→ What the task asks
Using the entries that follow, transcribe only the lines from the line with "第二位答辩的是仲星汉,研究的" to the line with "Une pièce de", both included, exactly as they stand and without pictures.

→ Material to process
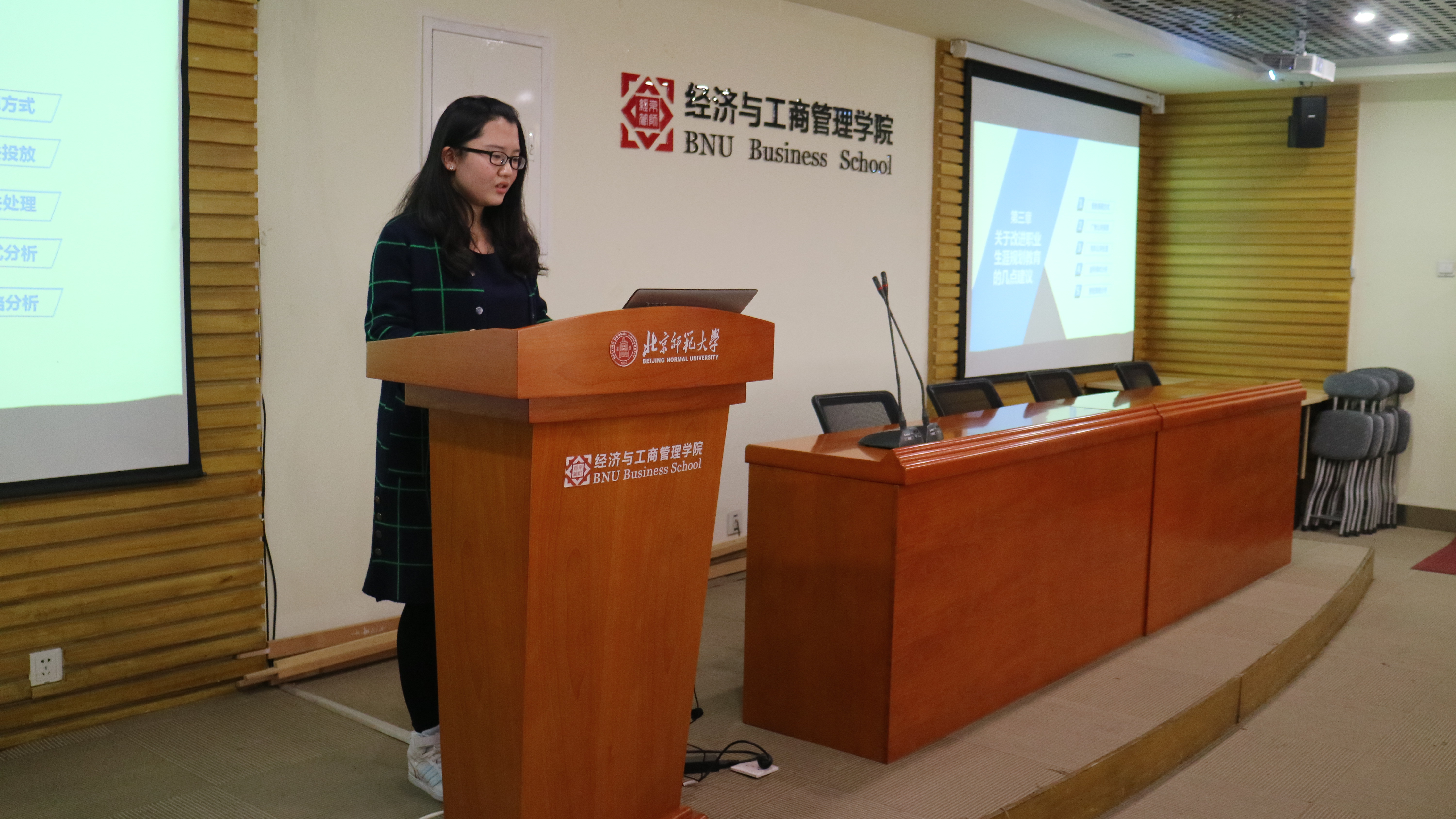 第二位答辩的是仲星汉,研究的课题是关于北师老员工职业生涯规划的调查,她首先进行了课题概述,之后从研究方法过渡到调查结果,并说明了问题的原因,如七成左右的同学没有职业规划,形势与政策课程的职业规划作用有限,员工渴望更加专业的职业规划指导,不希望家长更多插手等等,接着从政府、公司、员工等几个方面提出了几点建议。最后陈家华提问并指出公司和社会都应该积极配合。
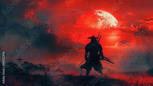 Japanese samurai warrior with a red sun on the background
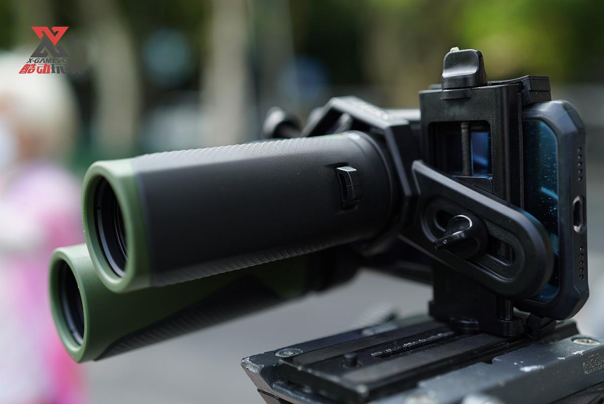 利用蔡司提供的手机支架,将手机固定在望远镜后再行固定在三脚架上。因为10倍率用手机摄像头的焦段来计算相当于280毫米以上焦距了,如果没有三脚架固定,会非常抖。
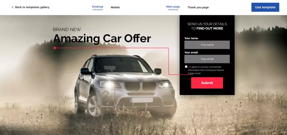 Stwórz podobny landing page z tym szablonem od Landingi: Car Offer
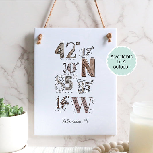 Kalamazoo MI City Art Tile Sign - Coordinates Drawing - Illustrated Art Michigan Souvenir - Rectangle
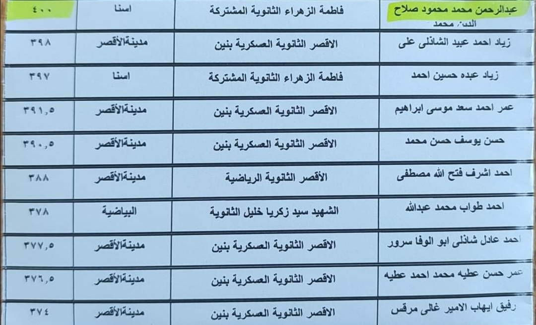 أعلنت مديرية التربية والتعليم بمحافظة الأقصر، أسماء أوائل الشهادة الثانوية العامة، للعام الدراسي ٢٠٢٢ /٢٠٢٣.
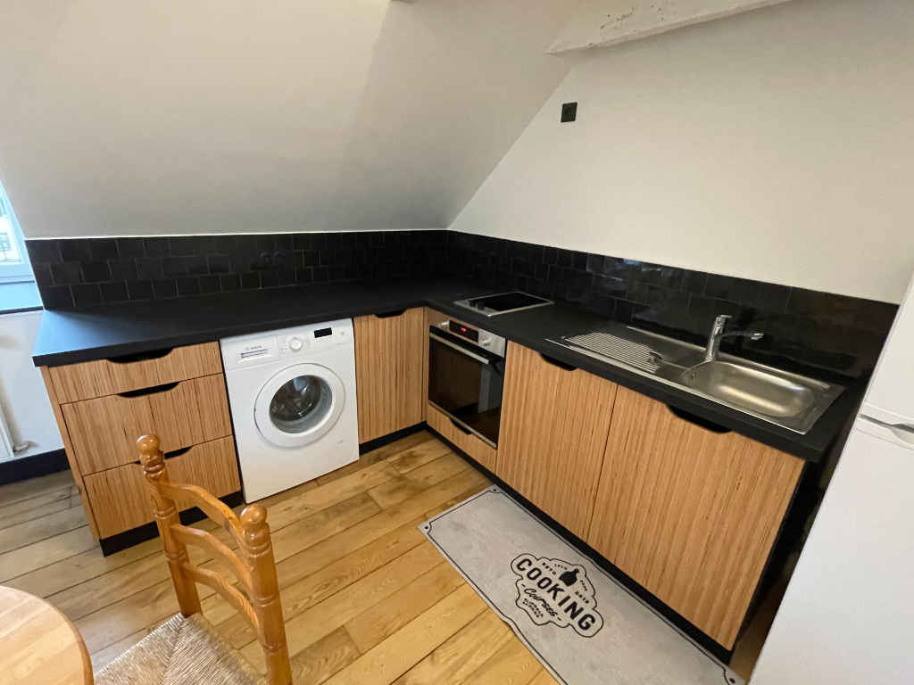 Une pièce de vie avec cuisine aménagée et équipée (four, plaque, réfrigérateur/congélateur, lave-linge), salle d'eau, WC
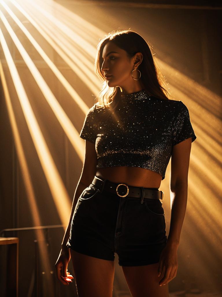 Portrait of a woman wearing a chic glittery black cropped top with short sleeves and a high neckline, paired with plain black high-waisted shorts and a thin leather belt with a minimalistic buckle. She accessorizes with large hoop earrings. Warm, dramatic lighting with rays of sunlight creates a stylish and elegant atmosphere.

* * *

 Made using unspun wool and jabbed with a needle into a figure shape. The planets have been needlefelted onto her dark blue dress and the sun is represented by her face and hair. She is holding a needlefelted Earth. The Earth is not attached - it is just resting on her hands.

→ Result for this task
 第二位答辩的是仲星汉,研究的课题是关于北师老员工职业生涯规划的调查,她首先进行了课题概述,之后从研究方法过渡到调查结果,并说明了问题的原因,如七成左右的同学没有职业规划,形势与政策课程的职业规划作用有限,员工渴望更加专业的职业规划指导,不希望家长更多插手等等,接着从政府、公司、员工等几个方面提出了几点建议。最后陈家华提问并指出公司和社会都应该积极配合。
 Japanese samurai warrior with a red sun on the background
 利用蔡司提供的手机支架,将手机固定在望远镜后再行固定在三脚架上。因为10倍率用手机摄像头的焦段来计算相当于280毫米以上焦距了,如果没有三脚架固定,会非常抖。
 Stwórz podobny landing page z tym szablonem od Landingi: Car Offer
 Kalamazoo MI City Art Tile Sign - Coordinates Drawing - Illustrated Art Michigan Souvenir - Rectangle
 أعلنت مديرية التربية والتعليم بمحافظة الأقصر، أسماء أوائل الشهادة الثانوية العامة، للعام الدراسي ٢٠٢٢ /٢٠٢٣.
 Une pièce de vie avec cuisine aménagée et équipée (four, plaque, réfrigérateur/congélateur, lave-linge), salle d'eau, WC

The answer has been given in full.